The company, Traffic Management Technologies (TMT), made the money through the provision of unmanned cameras raking in R47.28-million in the final year of their contract alone.

In September last year George Baloyi, the Public Prosecutions' deputy director, said the appointment of TMT by the province had been illegal.

In a letter seen by Sowetan Baloyi said: "Only qualified and duly appointed local authority officials shall undertake the task of managing speed cameras, and the local authority shall not allow private sector individuals to undertake these functions."

He said in terms of the Road Traffic Act "cameras or any mobile traffic enforcement system must be operated by a qualified traffic officer".
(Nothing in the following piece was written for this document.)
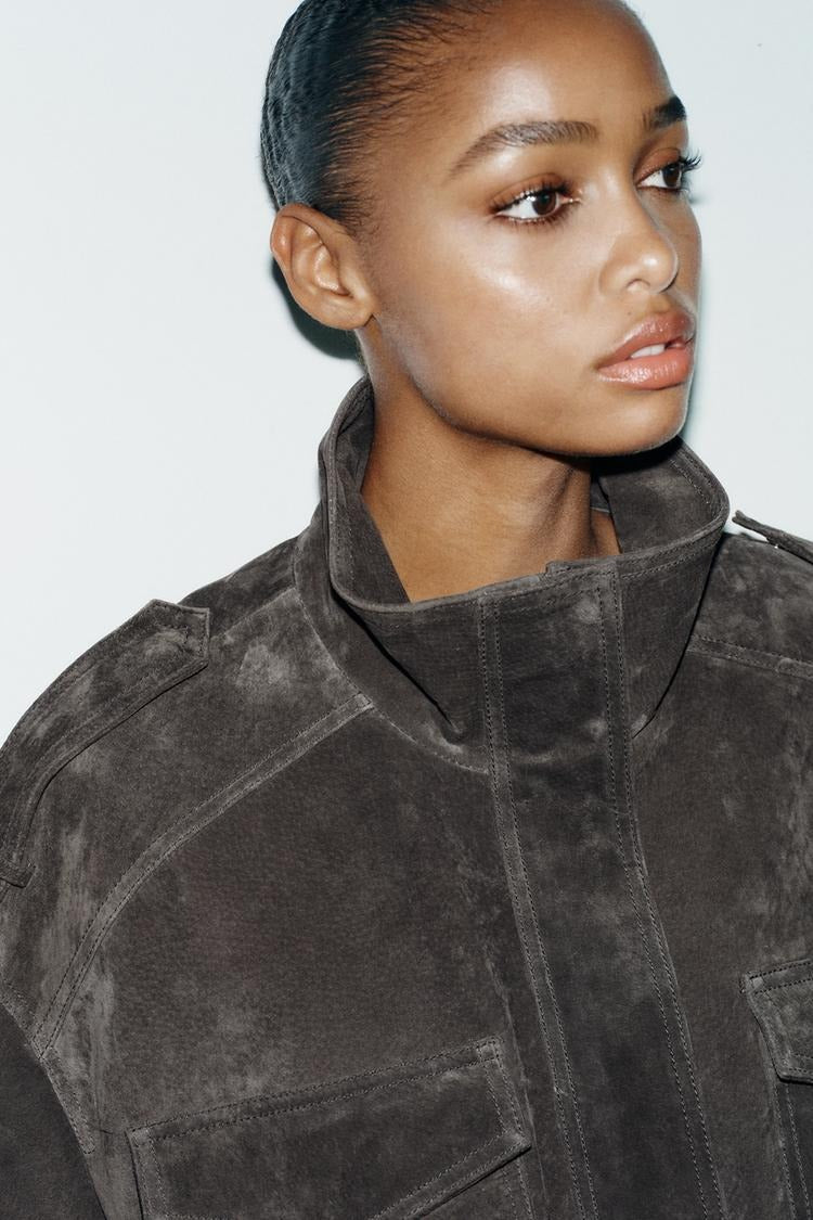 Confectionnée en 100 % daim, cette veste incarne à la fois élégance et caractère. Son col montant et ses manches longues à pattes d’épaules apportent une touche de raffinement moderne. Pratique et stylée, elle se distingue par ses poches à rabat sur la poitrine et sa fermeture zippée dissimulée sous un rabat à boutons-pression.

According to the service agreement between the provincial government and TMT, the company would generate and issue fines to motorists exceeding speed limits through the deployment of unmanned cameras on Mpumalanga roads. The company would then be paid R48 (excluding VAT) for every "infringement notice captured-printed" (fine issued) and R12 for each fine paid.

Mpumalanga DA leader Anthony Benadie said assuming that few fines would be less than R100, TMT would have had to issue more than 750,000 fines in 2011 alone in order to generate the R47-million paid to them last year.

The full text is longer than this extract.